The downside of offline compositing is that you're ultimately limited by the final output resolution of your composite texture, so that has to be chosen carefully. To help mitigate that problem we also support up to 4 levels of runtime layer blending, which is mostly used by static geometry to add some variation to tiled textures. So for instance you might have a wall with a brick texture tiled over it 10 times horizontally, which would obviously look tiled if you only had that layer. With runtime blending you can add some moss or some exposed mortar to break up the pattern without having to offline composite a texture that's 10x the size. 

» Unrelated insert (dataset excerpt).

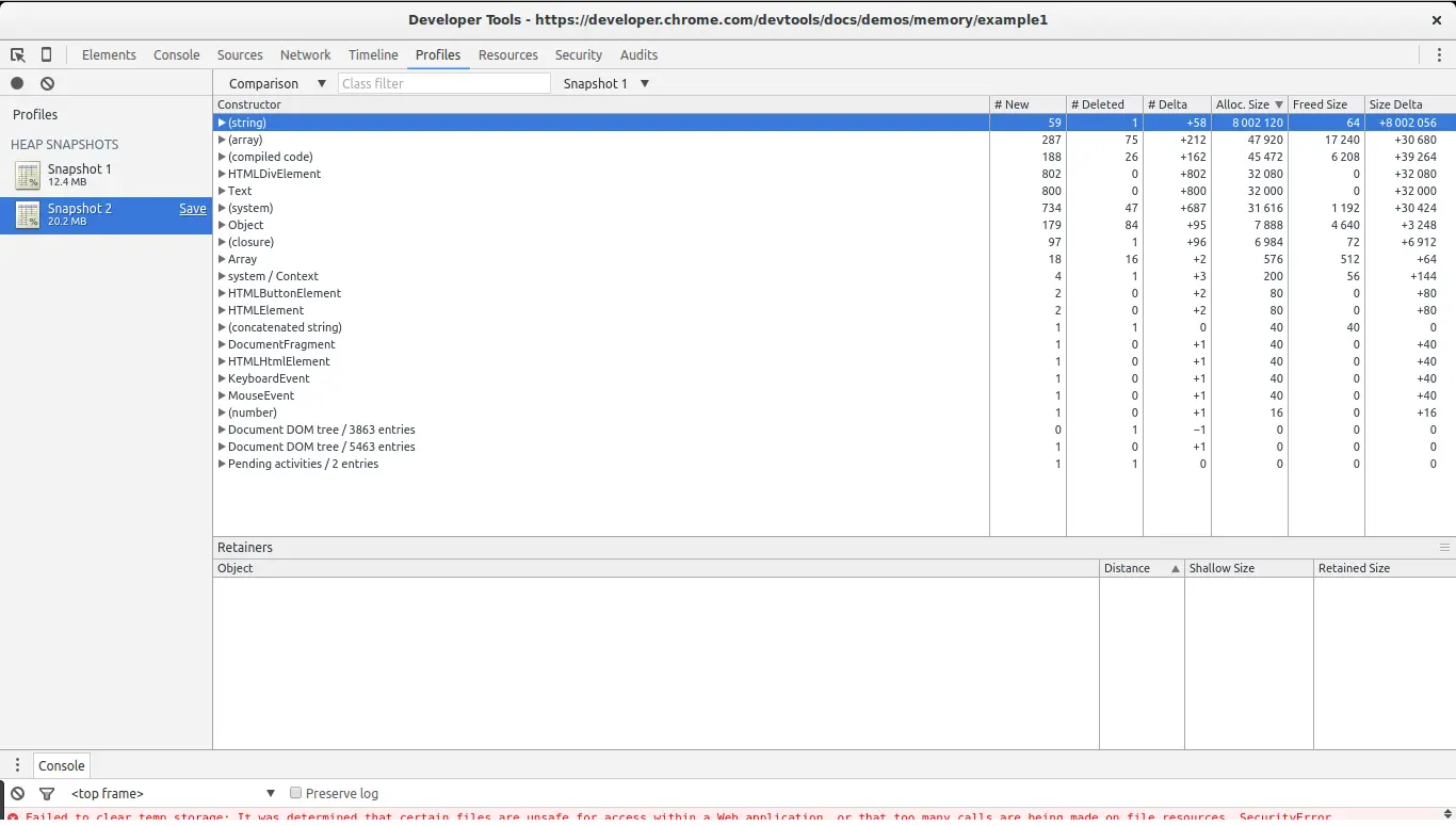 重新加载页面,并在完成加载后立即获取堆快照。 我们将使用此快照作为我们的基线。之后,再次点击最左边的Profiles按钮,等待几秒钟,并采取第二个快照。捕获快照后,建议在脚本中设置断点,以防止泄漏使用更多内存。

With UE4 all of the layers are composited at runtime. So the pixel shader iterates through all layers, determines the blend amount, and if necessary samples textures from that layer so that it can blend the parameters with the previous layer. If you do it this way you avoid needing complex build processes to generate your maps, and you also can decouple the texture resolution of your layers. But on the other hand, it may get expensive to blend lots of layers.

#5288056 [D3D12] About CommandList, CommandQueue and CommandAllocator

Posted by MJP on 21 April 2016 - 04:59 PM

GPU's can also pre-fetch command buffer memory in order to hide any latency. Pre-fetching is easy in this case because the front-end will typically just march forward, since jumps are not common (unless you're talking about the PS3 :D)

#5287886 How to blend World Space Normals

Posted by MJP on 20 April 2016 - 08:48 PM

You'll want to use the vertex normal vector, since this is what determines the Z basis in your tangent frame.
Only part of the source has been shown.